Key words: Alitash National Park (ALNP), Balanites aegyptiaca, floodplain rivers, piscicide, toxicity, LC50.

 


 INTRODUCTION

The incidence of using piscicides to catch fish is part of the traditional fishing method which is not ‘environmentally friendly’ to the aquatic ecosystem. Plant piscicides are among the widely used fishing method which is biodegradable and less severe than synthetic piscicides (Onusiriuka and Ufodike, 1998; Neuwinger, 2004). In Africa more than 325 fishing poison plant species are commonly used to catch fish (Neuwinger, 2004). In Ethiopia, 17 plants with piscicidal properties are included in the Neuwinger’s catalog.

Although prohibited, plant piscicides used to catch fish, are alternatively used throughout Africa (Ameha, 2004; Fafioye et al., 2004; Neuwinger, 2004; Fafioye, 2005). Fishermen living in areas where fishing gears are not available are very well aware that poisoning implies killing of many small fish, but often see it as an emergency method to alleviate hunger (Van Andel, 2000). Thinking the disadvantages of spending long time for fishing in the rivers and the probability of back home with no catch while  using   gears,   fishermen   are   deceived   to   use piscicides for fishing in most areas of Ethiopia and the practice is now increasing alarmingly (Wudneh, 1998; Ameha and Assefa, 2002; Ameha, 2004). Fishermen of the Alitash National Park (ALNP) use different piscicides for fishing. However, plant piscicides are largely used by the fishing communities as they are easily available and cost effective in the area. This traditional and destructive fishing technique is exercised and effective during the dry season when floodplain rivers form small water sections or pools.

Studies have been conducted about responses of different fish to some piscicide plant (Ameha, 2004; Singh and Yadav, 2010; Agbor and Okoi, 2014; Ekpendu et al., 2014), but the piscicidal effect of B. aegyptiaca is limited (Absalom et al., 2013; Alhou et al., 2016). The acute toxicity levels of B. aegyptiaca on fish has not been in-vestigated in Ethiopia but extensively used by fishermen of the ALNP. Therefore, in the present study, the median lethal concentration (LC50) of the aqueous extract of B. aegyptiaca was evaluated on adults of different fishes and the result may be used for policy makers and authorities that enforce law otherwise its indiscriminate use could seriously affect the biodiversity.

 


 MATERIALS AND METHODS

Experimental design

The experimental setup consisted of seven geo-membrane lined ponds with 1 × 0.5 m and with a depth of  0.5 m; each filled with 100 L river water. Among the seven ponds one was left empty during toxicity commencement and used as a control. In order to reduce the rate of evaporation and to eliminate direct sunlight exposure, the ponds were covered with geo-membrane, fresh plant leafs and dried grasses. The water was pre-aerated through stirring for some time to full oxygen saturation before addition of the different concentration grades of the plant extract.

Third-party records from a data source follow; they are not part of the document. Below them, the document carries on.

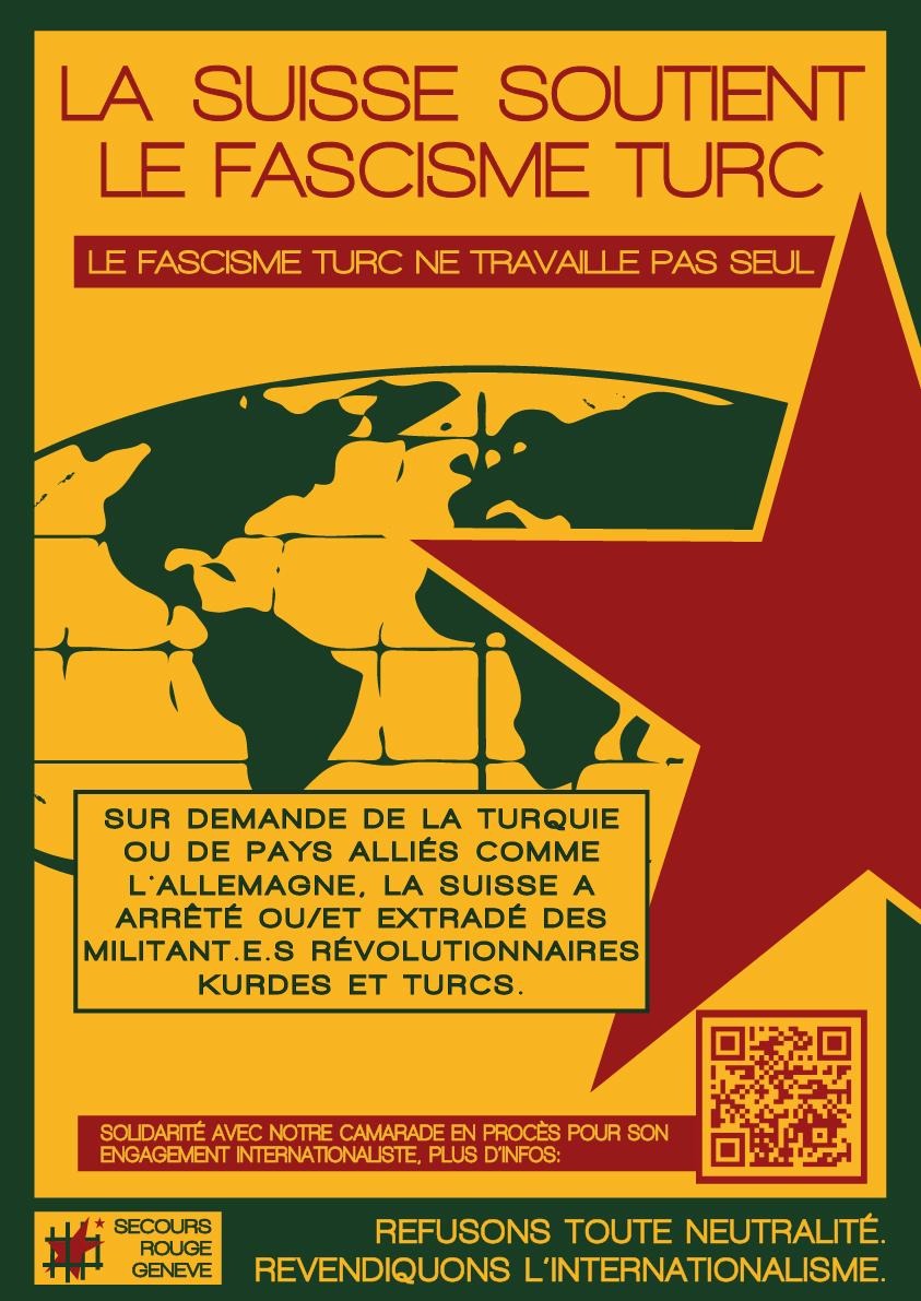 Lo Stato svizzero attacca il nostro compagno, perché le su azioni potrebbero minare la sacrosanta « neutralità » svizzera e quindi danneggiare la « potenza difensiva del Paese ». È importante ricordare che la Svizzera è stata fornitrice di armi al regime fascista turco fino a poco tempo fa, e che questo stesso regime ha sostenuto Daesh in Siria e in Iraq. Ancora oggi, sostiene milizie islamiste attive nella regione e ha persino invaso parte del territorio siriano per sostenerle. Mentre la vendita di armi è stata sospesa, la collaborazione economica continua. Molte grandi aziende svizzere investono in Turchia, approfittando dei vantaggi offerti dal regime fascista in vigore. La « neutralità » della Svizzera è quindi solo una facciata per nascondere il suo ruolo nell’imperialismo occidentale. Noi, da parte nostra, rifiutiamo qualsiasi neutralità, perché crediamo nell’internazionalismo e ci schieriamo spalla a spalla con le nostre compagne e i nostri compagni che lottano contro l’imperialismo in tutto il mondo. Lo Stato svizzero ha sempre avuto una politica repressiva nei confronti degli attivisti che facevano parte del movimento internazionalista, sia durante la guerra di Spagna che durante la Resistenza francese, solo per citarne alcuni esempi.
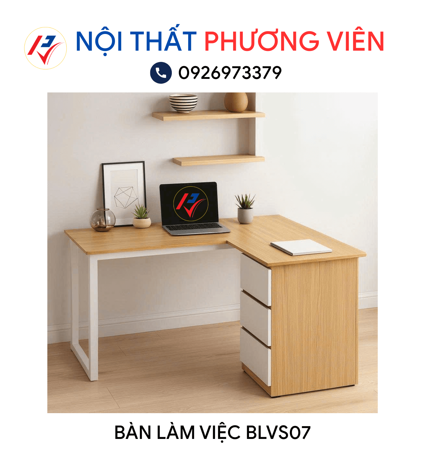 Nhờ thiết kế góc chữ L và hộc tủ lưu trữ đi kèm, bàn làm việc BLVS07 là giải pháp hoàn hảo để tối ưu hóa không gian làm việc trong các căn hộ nhỏ, phòng ngủ hoặc phòng làm việc tại nhà có diện tích khiêm tốn.
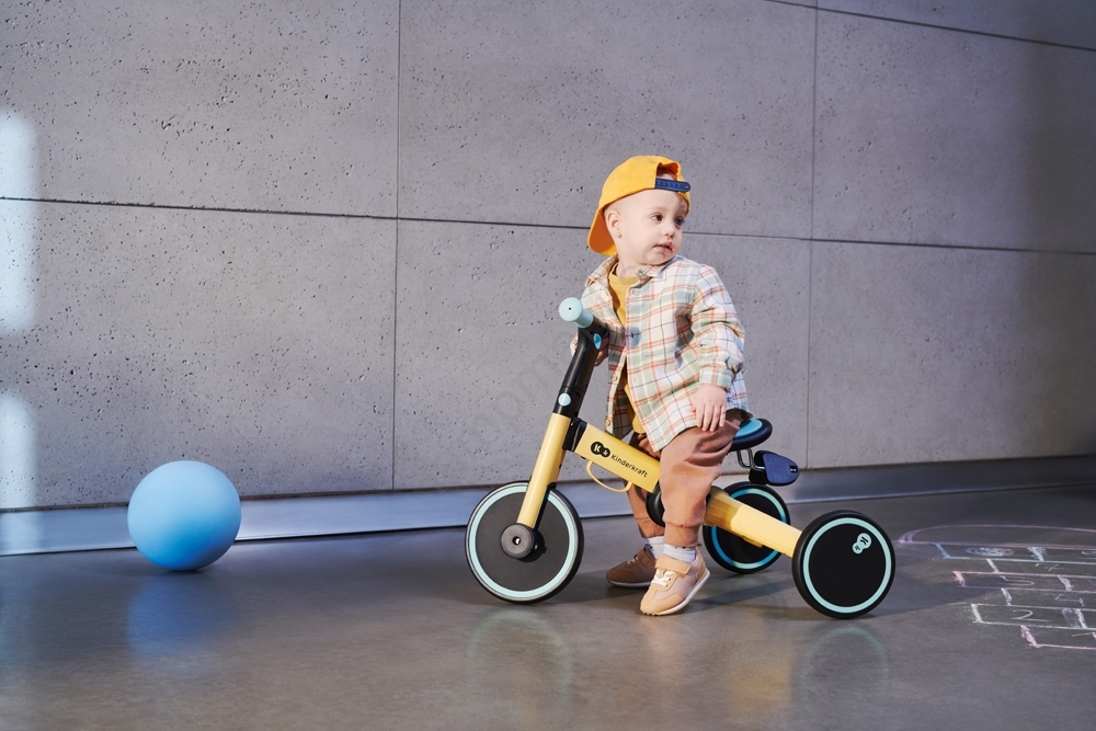 KINDERKRAFT - Balanscykel för barn 3i1 4TRIKE gul/mint | Lampmani
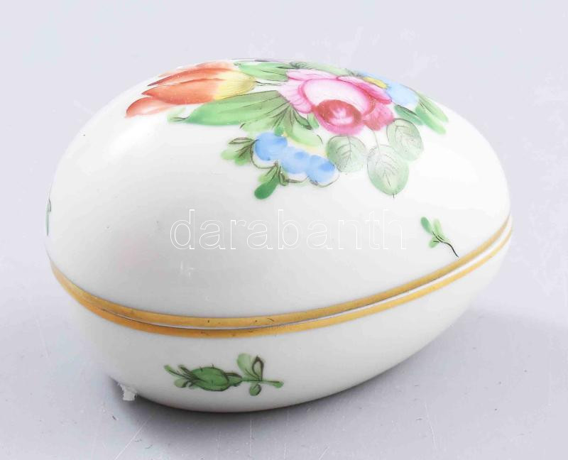 Leírás: Herend kézzel festett tojás bonbonier. Jelzett, hibátlan, h: 7,5 cm
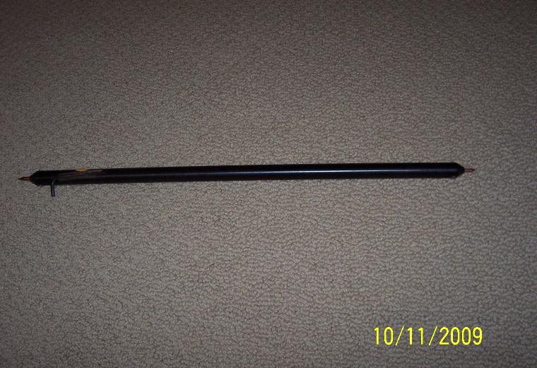 | My Ishi stick lite is constructed from an 18 inch long piece of 5/8 inch diameter delrin. It features a different size copper nail in each end, doubling the versatility of the tool. Many like this smaller diameter for it's extra flex. Refill nails are available from me at all times. Be sure to order my new companion pressure flaker to match this Ishi stick. Click HERE to go to the pressure flaker page and view it! |
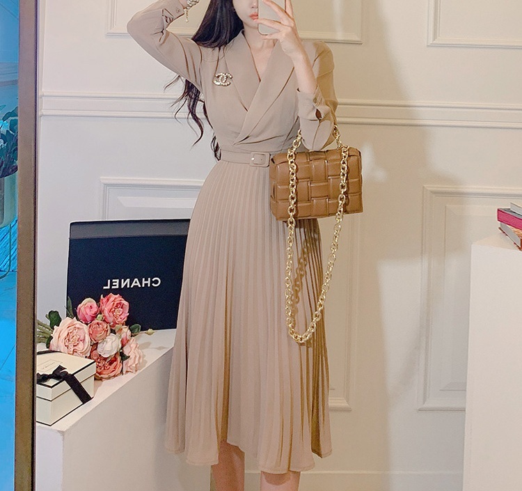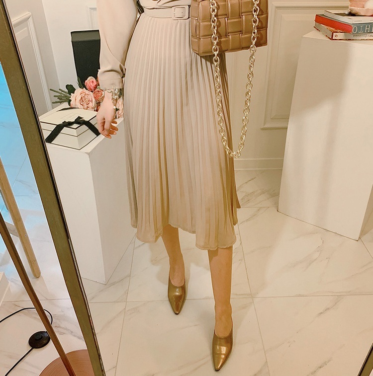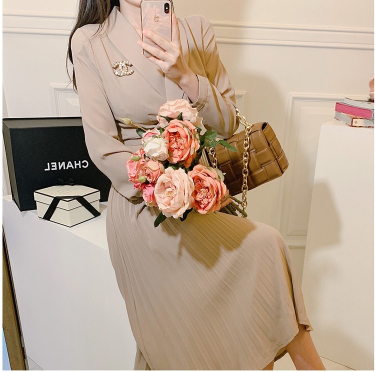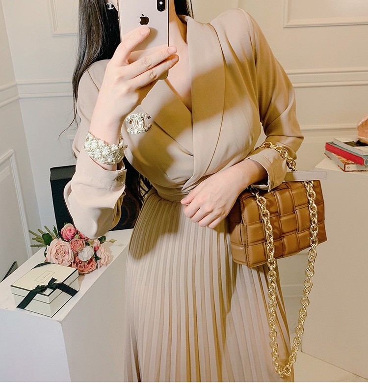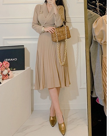 レディースショール襟クロス長袖ワンピースプリーツスカートベージュL

Collection and preparation of plant extract

The stem barks of B. aegyptiaca were collected from the Derhassen Village following the Gelegu River course near the ALNP. Stem barks obtained from the wild, sliced into smaller sizes using a knife and an axe and then ground to a fine powder using a wooden mortar with pistil. The plant extract was used immediately after extraction to ensure its freshness. The different test concentrations prepared from aqueous extracts of B. aegyptiaca and used for the experiment are summarized in Table 2.

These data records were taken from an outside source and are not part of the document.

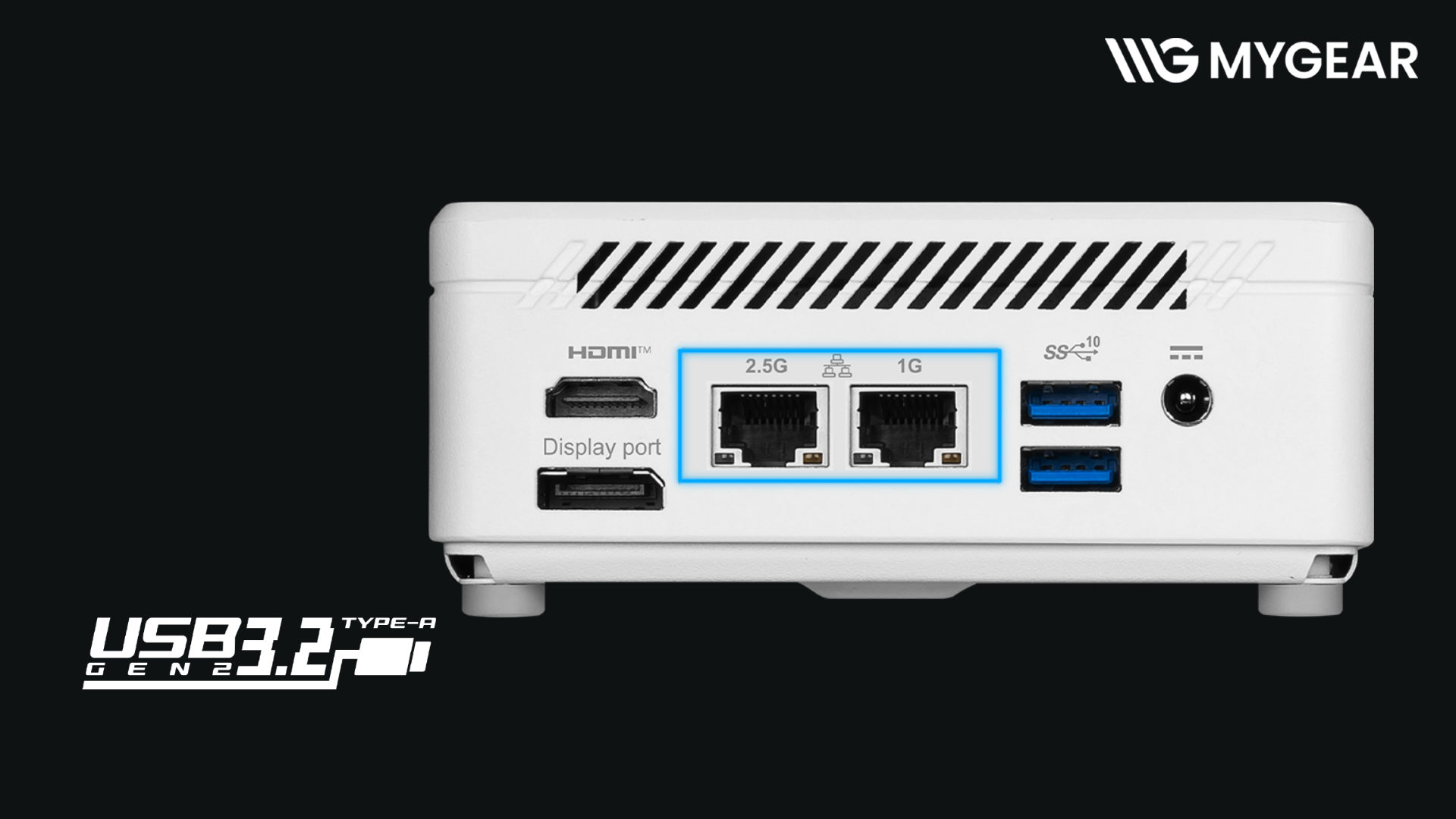 | Cổng I/O phía sau | 2x USB 3.2 Gen 2 Type A, 2x RJ45 (2.5G + 1G LAN), 1x HDMI 2.0b, 1x DP 1.4 |
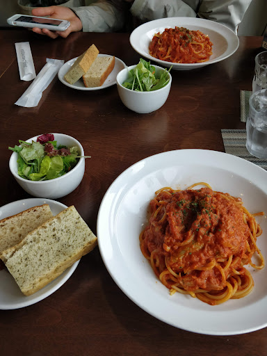 で、出てきたコース料理には全員エビは使われていませんでした。??? 魚介のトマトスパゲッティにもエビは入ってなくて、イカの比率が異様に多かったと感じました。
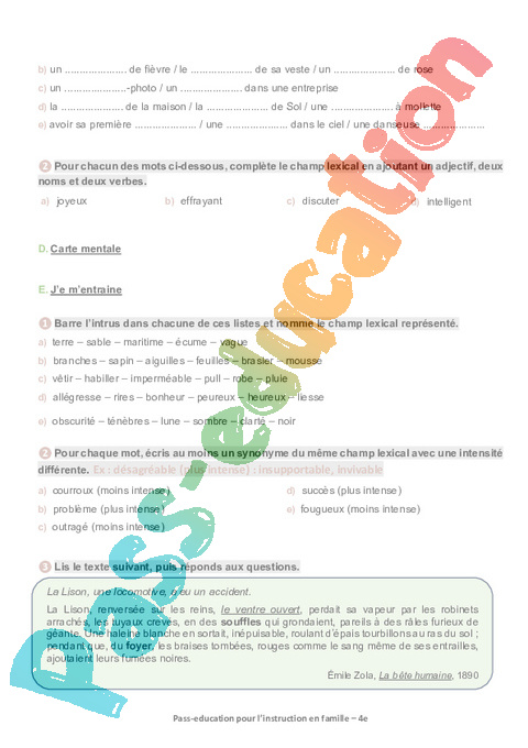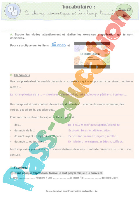 6 a Vocabulaire- Le champ sémantique et le champ lexical Semaine 13 IEF : 2eme Secondaire pdf

Test fish collection and acclimatization

Beach seine, mosquito nets, traps and castnets were used to collect alive and active fishes in the Gelegu River. The candidate specimens were acclimated for 4 days prior to toxicity commence-ment in a pond (2.5 m × 2.5 m with a depth of 0.5 m) having water diverted from the river for this purpose. Test fishes were selected based on the prerequisite observation made at fishing grounds from April, 2015 to December, 2017 by the investigators. Therefore, based on the reconnaissance study for the experiment, the most affected and easily stupefied groups,  economically  viable  species,  

readily available for test individual and species with important ecological role (that is, in feeding relation) were selected. In order to reduce the effect of size, all test specimens of a species had comparable size. The individuals of B. nurse (n=77) with a mean of 165±0.18 g and 17.5±0.25 cm total weight and total length, respectively; L. intermedius (n=77) 245±2.30 g total weight and 22.3±1.26 cm total length and L. bynni (n=55) 226±3.8 g and 21.2±2.6 cm total weight and total length, respectively were used for the experiment. Seven test individuals per extract were used but 5 in L. bynni due to a limited sample.

The acclimated individuals were collected using scoop nets and then distributed to ponds with different level of concentration: C1=0.00 (control), C2=15.00, C3=17.50, C4=20.00, C5=22.50 and C6=25.00 mgL-1 of the pounded and powdered B. aegyptiaca poison extract based on the OECD guideline No. 203 (1992) in duplicates. Pilot tests were carried out to establish appropriate range finding concentration grades used in the actual experiment along with the control as described by EPA (1996).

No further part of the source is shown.